- [What to produce]:
Keeping pictures out of the copy, restate each record word for word.
Input below:
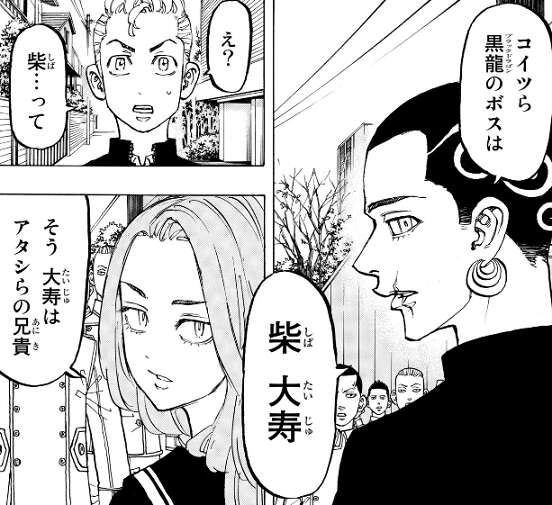 八戒の自宅前には黒龍の集団に遭遇してしまい、武道が東卍の壱番隊 隊長だと知られると一瞬即発の空気になってしまいます。八戒のおかげでとりあえず衝突は回避しますが、八戒と柚葉の兄 大寿が、黒龍の総長だという事が分かります。
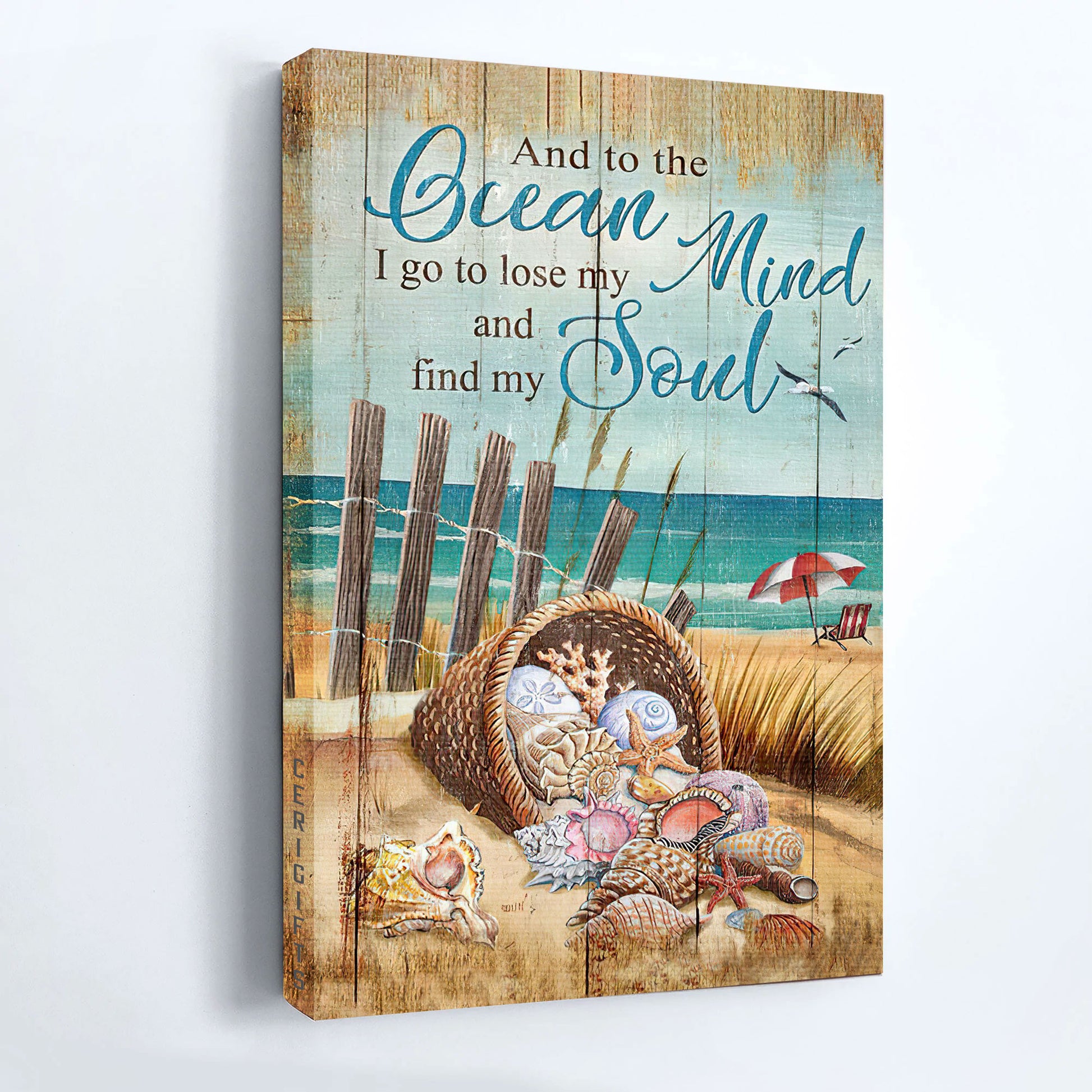 Jesus Portrait Canvas- Seashell Basket, Beach- Gift for Christian- And to the ocean I go to lose my mind and find my soul - Portrait Canvas Prints, Wall Art
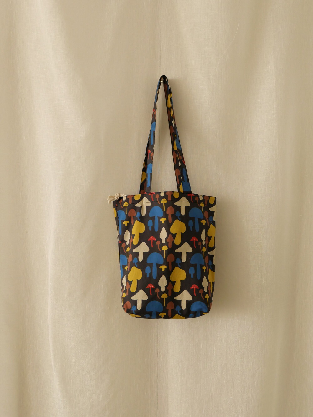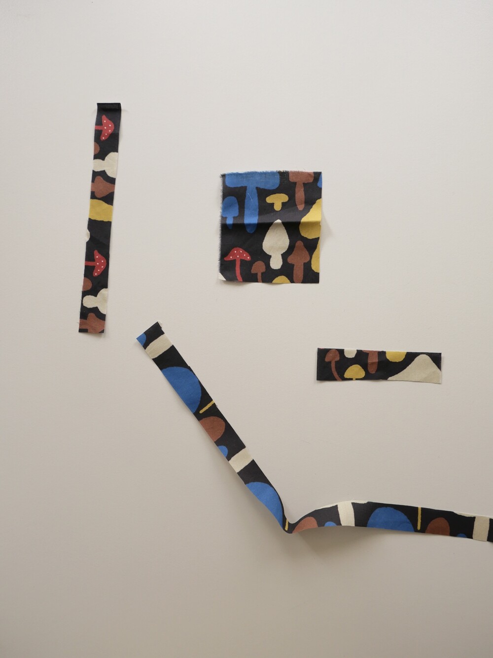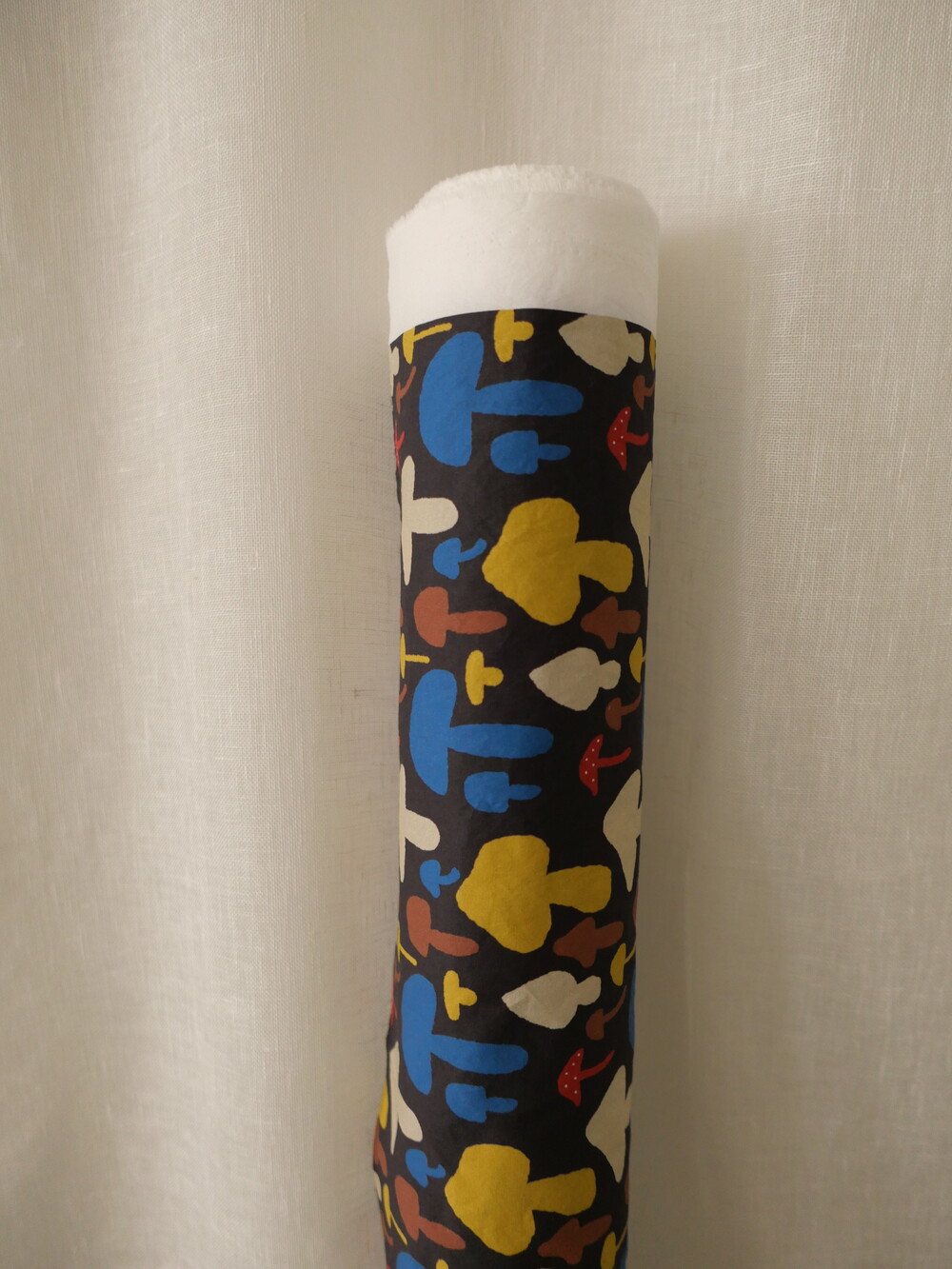 다양한 컬러와 모양의 버섯이 그려져 있는 패브릭입니다.
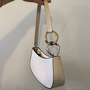 STAUD Off-White Leather Shoulder Bag with Gold & Silver Accent
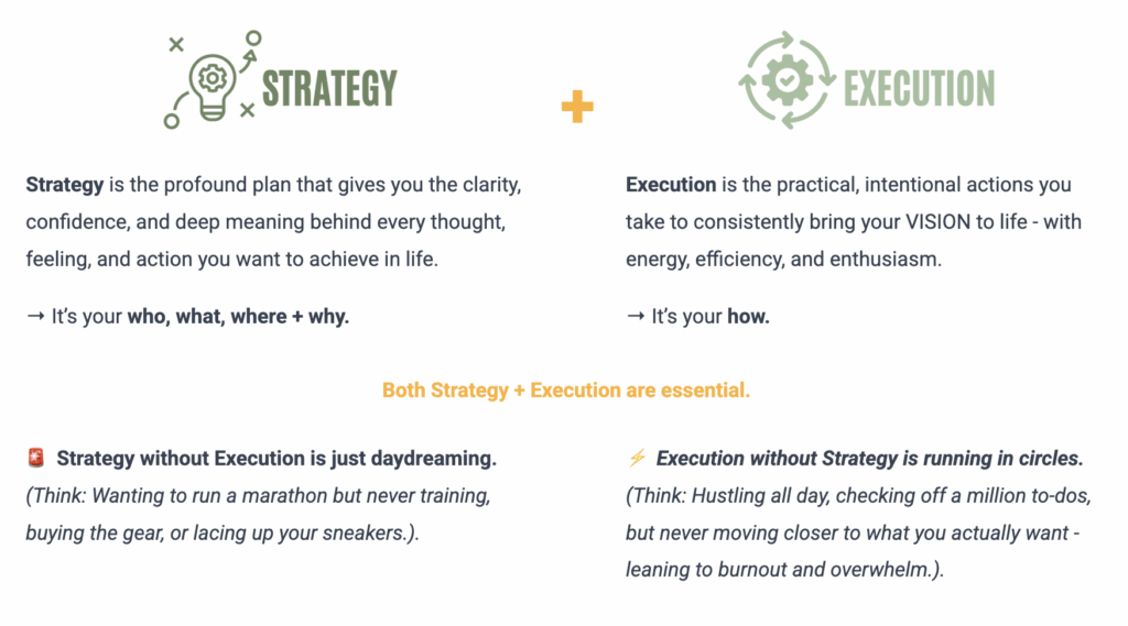 Strategy on its own is not enough. You can journal, brainstorm, and plan all day, but nothing changes until you execute. Execution is where your ideas meet your calendar. It is where your values show up in your actual schedule. It is where you prove to yourself that you can follow through.
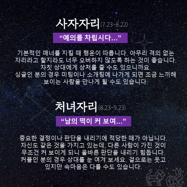 싱글인 분이라면 궁색하게 굴지 않도록 하세요. 이성과의 만남에서 궁색한 모습을 보이면 제대로 성사가 되지 않습니다. 커플인 분의 경우에는 상대방과의 약속을 어기지 않도록 주의해야 합니다.
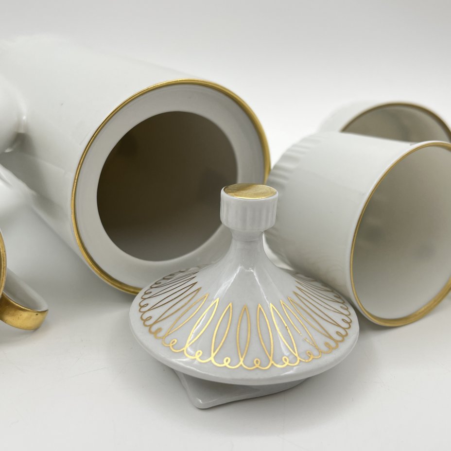 Набор для подачи кофе и чая на три персоны (10 предметов), украшенный лаконичным декором, фарфор, золочение, Дулевский фарфоровый завод (Дулёво), СССР, 1987 г.
End of Input.
- [Reply to the exercise]:
 八戒の自宅前には黒龍の集団に遭遇してしまい、武道が東卍の壱番隊 隊長だと知られると一瞬即発の空気になってしまいます。八戒のおかげでとりあえず衝突は回避しますが、八戒と柚葉の兄 大寿が、黒龍の総長だという事が分かります。
 Jesus Portrait Canvas- Seashell Basket, Beach- Gift for Christian- And to the ocean I go to lose my mind and find my soul - Portrait Canvas Prints, Wall Art
 다양한 컬러와 모양의 버섯이 그려져 있는 패브릭입니다.
 STAUD Off-White Leather Shoulder Bag with Gold & Silver Accent
 Strategy on its own is not enough. You can journal, brainstorm, and plan all day, but nothing changes until you execute. Execution is where your ideas meet your calendar. It is where your values show up in your actual schedule. It is where you prove to yourself that you can follow through.
 싱글인 분이라면 궁색하게 굴지 않도록 하세요. 이성과의 만남에서 궁색한 모습을 보이면 제대로 성사가 되지 않습니다. 커플인 분의 경우에는 상대방과의 약속을 어기지 않도록 주의해야 합니다.
 Набор для подачи кофе и чая на три персоны (10 предметов), украшенный лаконичным декором, фарфор, золочение, Дулевский фарфоровый завод (Дулёво), СССР, 1987 г.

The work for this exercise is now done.